_Data_
::::::
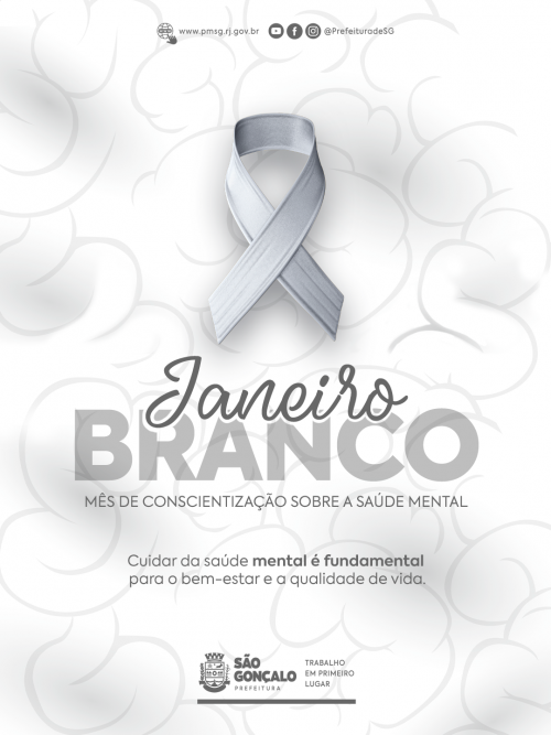 A campanha Janeiro Branco é dedicada à conscientização sobre a importância e os cuidados necessários com a saúde mental e emocional, visando a prevenção das doenças psíquicas em toda a população, como estresse, ansiedade, depressão e pânico. As atividades de prevenção e cuidado têm como tema “Paz . Equilíbrio . Saúde Mental” e incentivam a discussão sobre o tema, dando ênfase ao tratamento e apoio oferecidos nos equipamentos de saúde da cidade.
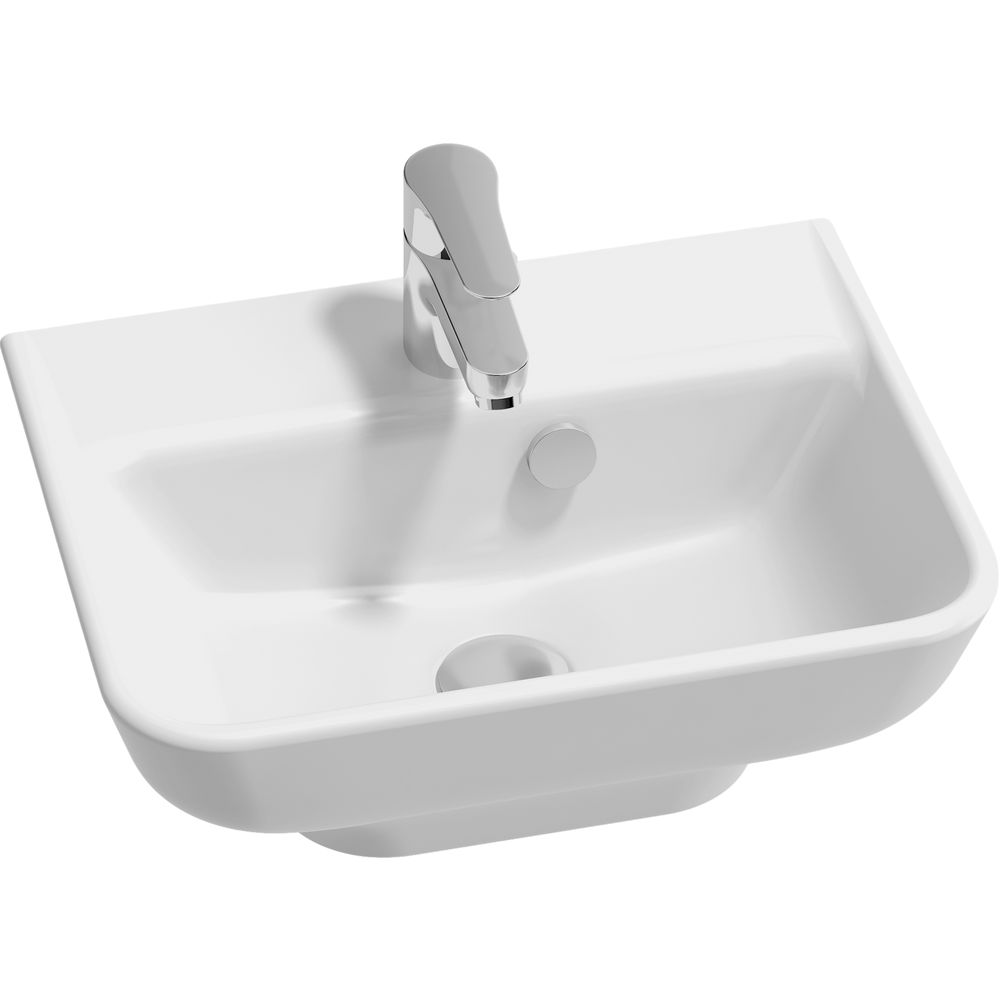 Рукомойник Jacob Delafon Struktura EGH112 — подвесная модель размером 45x35 см, что делает его отличным выбором для небольших помещений. Изготовлен из прочного фарфора и оборудован встроенным сливом-переливом. Он поставляется с одним готовым отверстием под смеситель и рассчитан на сифон диаметром 3.2 см. Помните, что донный клапан необходимо приобретать отдельно.
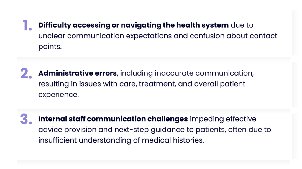 - 66% consider communication important in their care, but 41% are dissatisfied with communication from clinicians and staff.
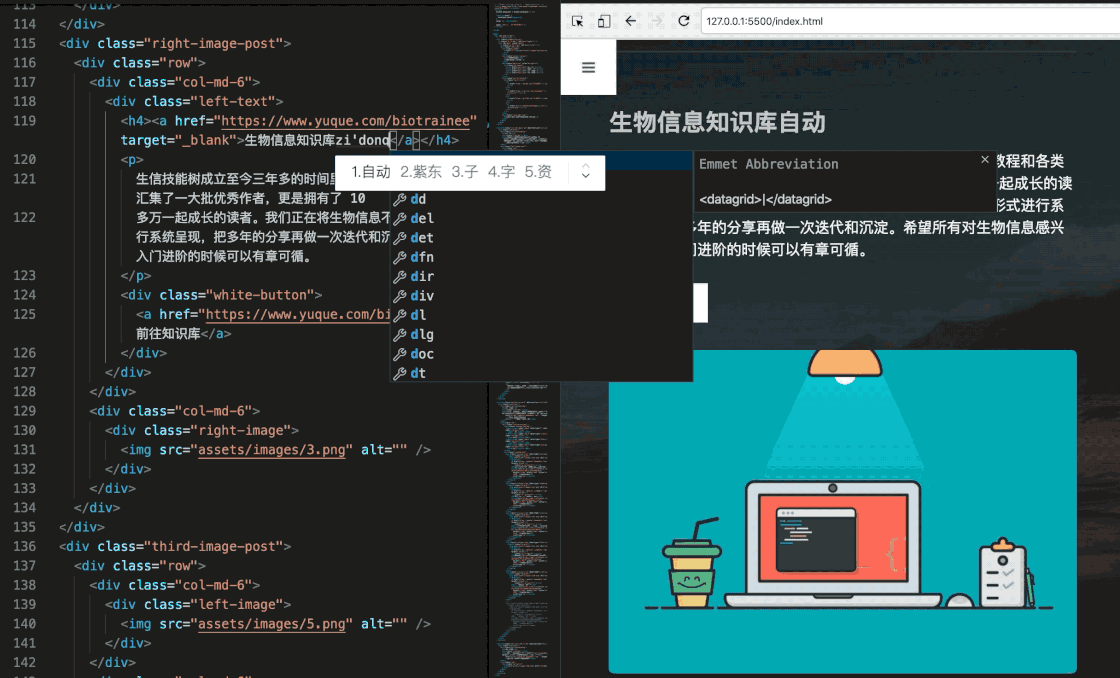 当输入任意内容后,如果有可以和输入匹配的 Emmet 缩写,相关建议就会实时展示出来供选择。
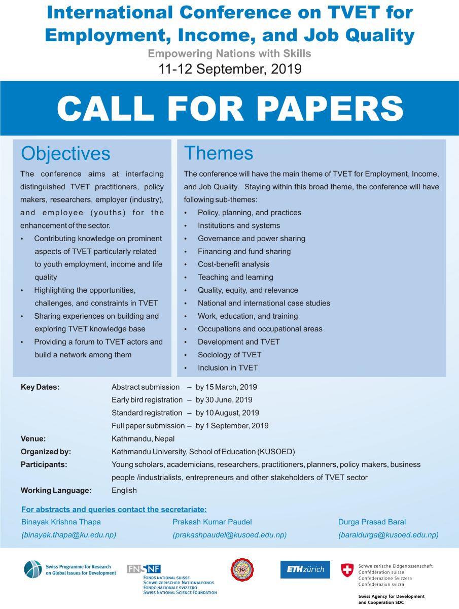 Kathmandu University is organizing an international conference on TVET with the main theme TVET for Employment, Income, and Job Quality.
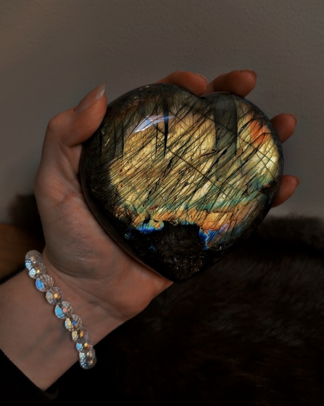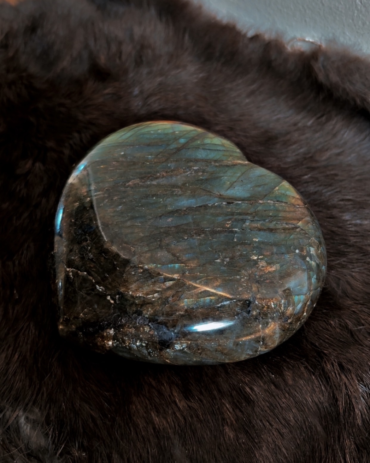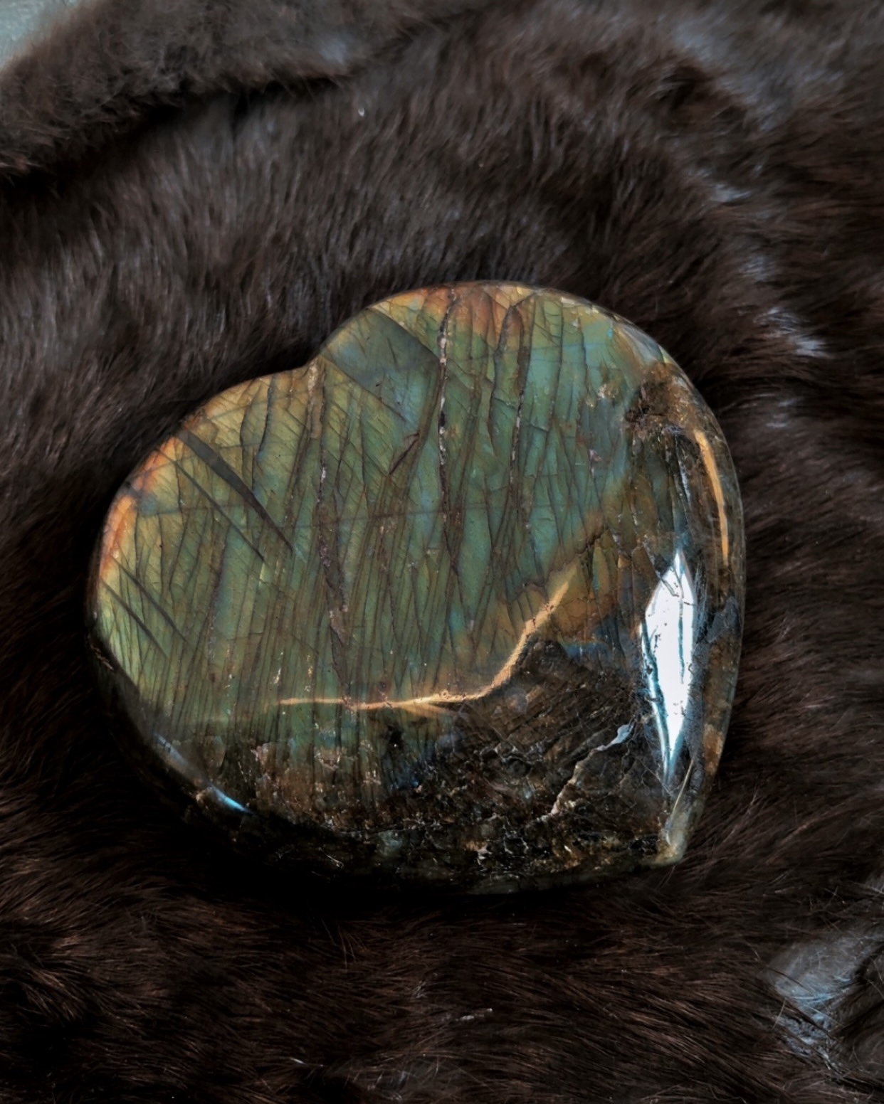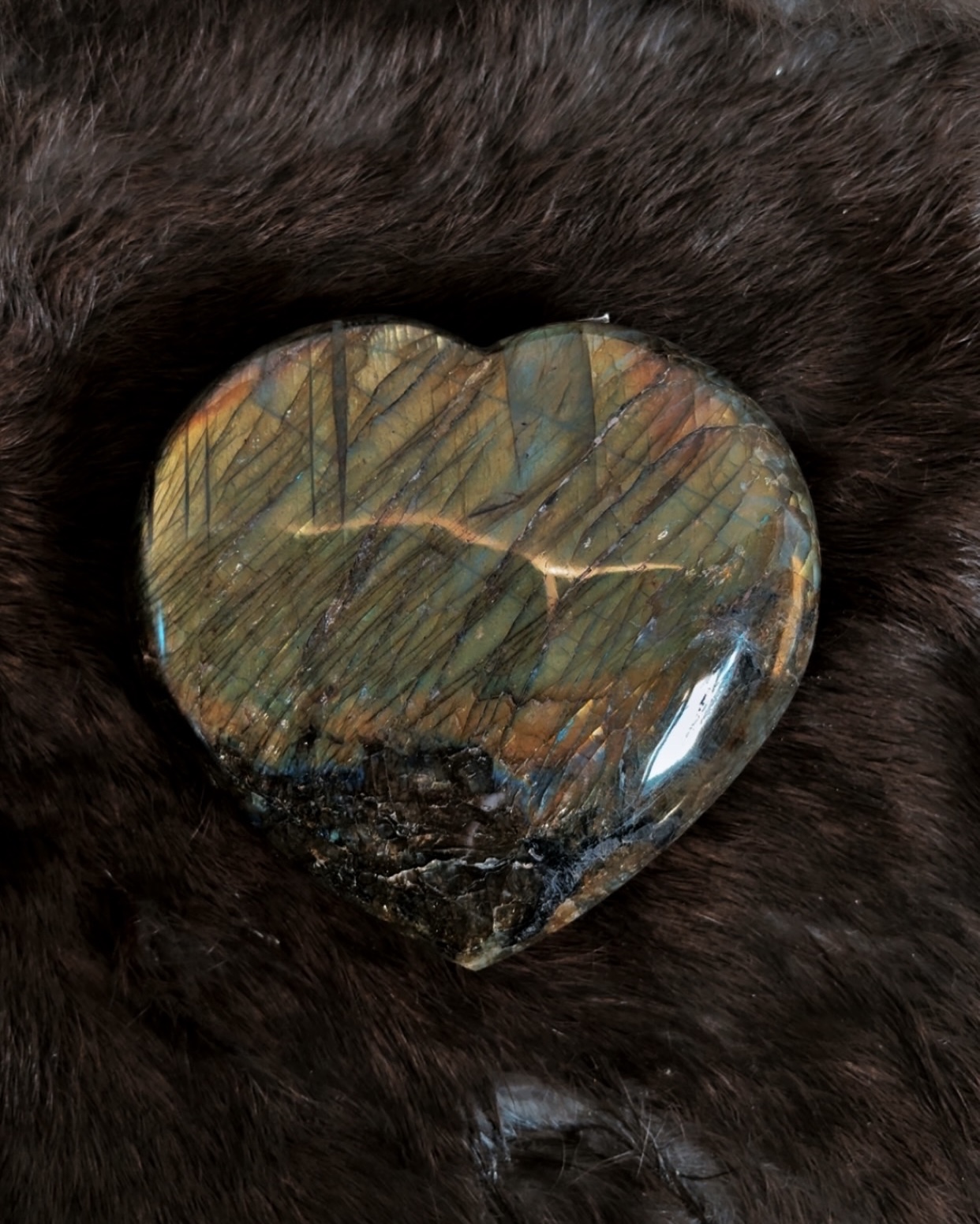 Carved into a heart shape, this piece bridges intuition with emotional wisdom — helping one remain open-hearted while protected. The luminous flashes of gold, blue, and green that move across the surface reflect labradorite’s role as a mirror between realms, revealing insight, truth, and hidden potential as the light shifts.
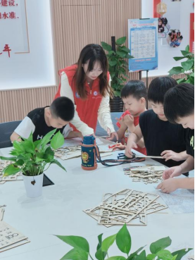 动手实践过程中,实践团成员带领小朋友们一同绘制梦想中的船舶简画,摇身变为小小造船师;一起手拼广州号驱逐舰,感受军舰的宏伟雄姿;一起制作电动小船,在水池中扬帆起航,感受逐梦海洋的壮阔。实践课程培养了孩子们的动手能力,激发了孩子们对船舶设计与建造的兴趣,增长了他们的见识。
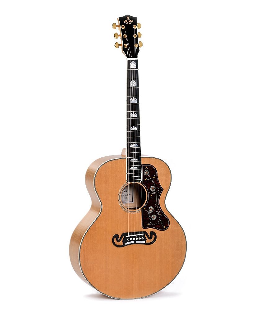 Электроакустическая гитара Sigma GJA-SG200-AN с чехлом — электроакустическая гитара Grand Jumbo. Верхняя дека из массива ситхинской ели, корпус из огненного клена. Электроника Fishman Sonitone. Натуральный цвет. Громкий, сбалансированный звук с глубокими басами, идеальна для фингерстайла.
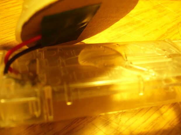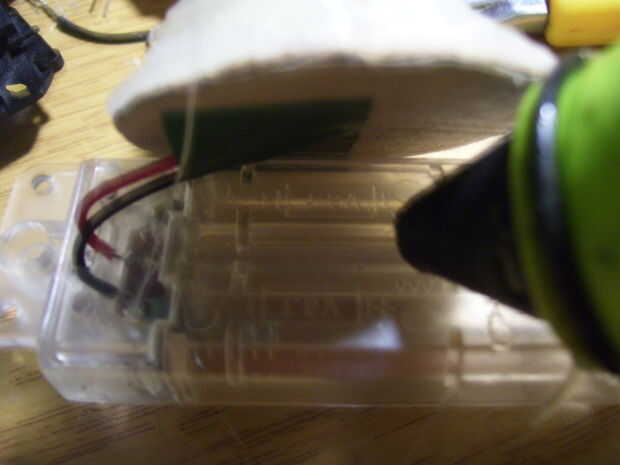Pegamento de la cartulina a la caja de batería y si necesita fijar el interruptor también. Involucrar a la caja de la batería con el papel de embalaje.
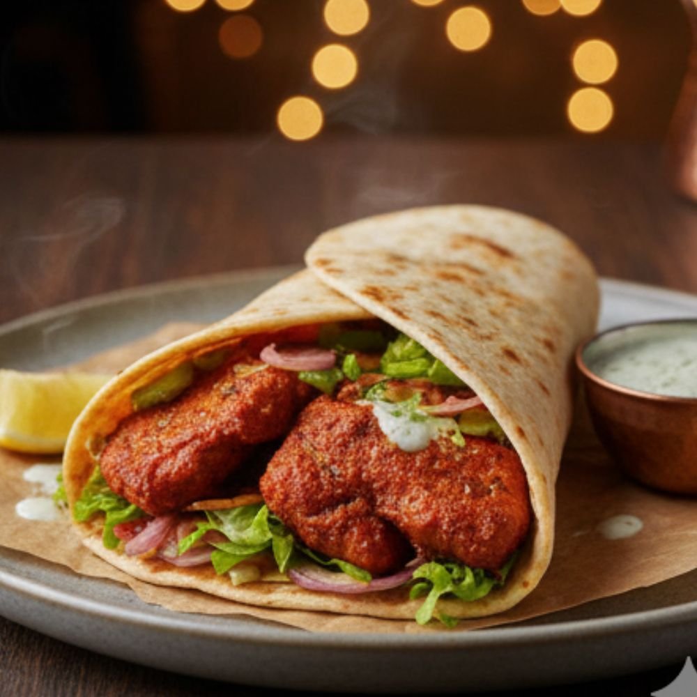 Masala Chaap Wrap features tender soya chaap cooked in aromatic Indian spices, layered with fresh vegetables and flavourful sauces, all wrapped in a soft flatbread. Spicy, hearty, and satisfying, it’s ideal for a filling on-the-go meal.
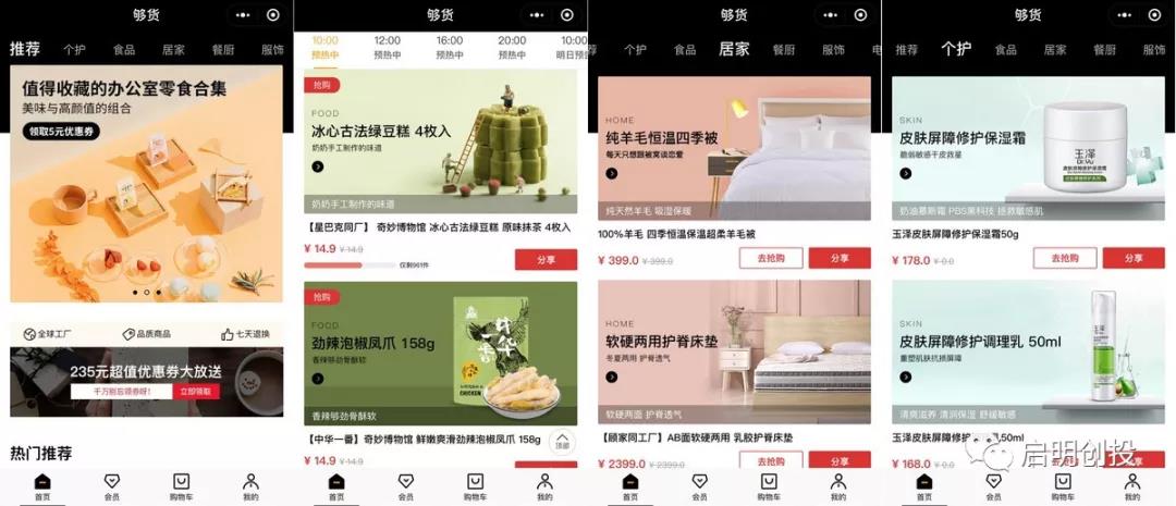 夠貨團(tuán)隊(duì)關(guān)于市場(chǎng)機(jī)會(huì)的觀點(diǎn)是,更具消費(fèi)力的女性及三四五線群體的生活消費(fèi)需求其實(shí)并沒有被這種模式覆蓋到,因此夠貨想從定位上做差異化,目前的品類也主打美妝、家居、食品等。
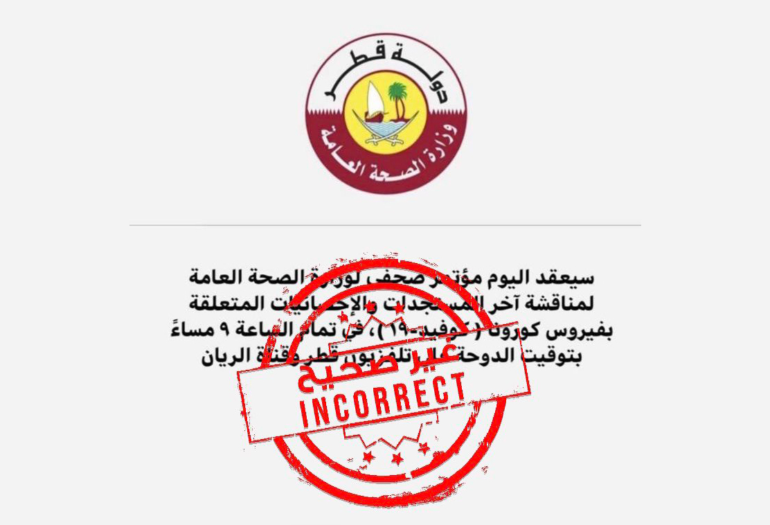 Many people were seen sharing the incorrect image in Arabic with ministry logo saying a press conference will be held at 9pm on Qatar TV and Al Rayyan TV.
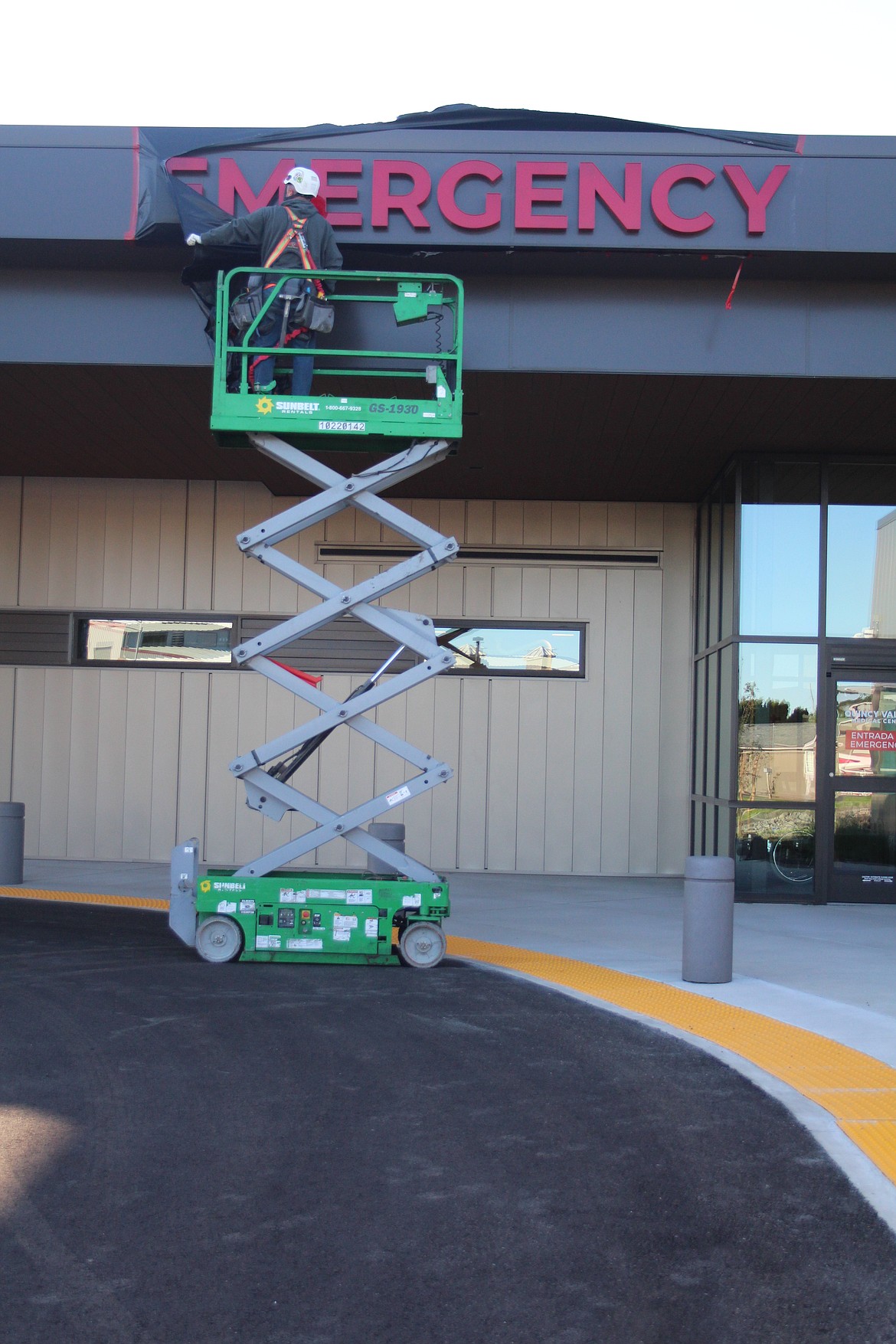 The new hospital officially opened when the covers that had been placed over the signs were removed. But the signs had been up a while and over time, the tarps got a little weather-beaten. Communications Director Shannon Durfee studied them and was concerned that one of them looked a little dirty. Bishop studied it too.
::::::
_What is being asked_
Print each record exactly as it stands, leaving the images out.

_Answer space_
 A campanha Janeiro Branco é dedicada à conscientização sobre a importância e os cuidados necessários com a saúde mental e emocional, visando a prevenção das doenças psíquicas em toda a população, como estresse, ansiedade, depressão e pânico. As atividades de prevenção e cuidado têm como tema “Paz . Equilíbrio . Saúde Mental” e incentivam a discussão sobre o tema, dando ênfase ao tratamento e apoio oferecidos nos equipamentos de saúde da cidade.
 Рукомойник Jacob Delafon Struktura EGH112 — подвесная модель размером 45x35 см, что делает его отличным выбором для небольших помещений. Изготовлен из прочного фарфора и оборудован встроенным сливом-переливом. Он поставляется с одним готовым отверстием под смеситель и рассчитан на сифон диаметром 3.2 см. Помните, что донный клапан необходимо приобретать отдельно.
 - 66% consider communication important in their care, but 41% are dissatisfied with communication from clinicians and staff.
 当输入任意内容后,如果有可以和输入匹配的 Emmet 缩写,相关建议就会实时展示出来供选择。
 Kathmandu University is organizing an international conference on TVET with the main theme TVET for Employment, Income, and Job Quality.
 Carved into a heart shape, this piece bridges intuition with emotional wisdom — helping one remain open-hearted while protected. The luminous flashes of gold, blue, and green that move across the surface reflect labradorite’s role as a mirror between realms, revealing insight, truth, and hidden potential as the light shifts.
 动手实践过程中,实践团成员带领小朋友们一同绘制梦想中的船舶简画,摇身变为小小造船师;一起手拼广州号驱逐舰,感受军舰的宏伟雄姿;一起制作电动小船,在水池中扬帆起航,感受逐梦海洋的壮阔。实践课程培养了孩子们的动手能力,激发了孩子们对船舶设计与建造的兴趣,增长了他们的见识。
 Электроакустическая гитара Sigma GJA-SG200-AN с чехлом — электроакустическая гитара Grand Jumbo. Верхняя дека из массива ситхинской ели, корпус из огненного клена. Электроника Fishman Sonitone. Натуральный цвет. Громкий, сбалансированный звук с глубокими басами, идеальна для фингерстайла.
Pegamento de la cartulina a la caja de batería y si necesita fijar el interruptor también. Involucrar a la caja de la batería con el papel de embalaje.
 Masala Chaap Wrap features tender soya chaap cooked in aromatic Indian spices, layered with fresh vegetables and flavourful sauces, all wrapped in a soft flatbread. Spicy, hearty, and satisfying, it’s ideal for a filling on-the-go meal.
 夠貨團(tuán)隊(duì)關(guān)于市場(chǎng)機(jī)會(huì)的觀點(diǎn)是,更具消費(fèi)力的女性及三四五線群體的生活消費(fèi)需求其實(shí)并沒有被這種模式覆蓋到,因此夠貨想從定位上做差異化,目前的品類也主打美妝、家居、食品等。
 Many people were seen sharing the incorrect image in Arabic with ministry logo saying a press conference will be held at 9pm on Qatar TV and Al Rayyan TV.
 The new hospital officially opened when the covers that had been placed over the signs were removed. But the signs had been up a while and over time, the tarps got a little weather-beaten. Communications Director Shannon Durfee studied them and was concerned that one of them looked a little dirty. Bishop studied it too.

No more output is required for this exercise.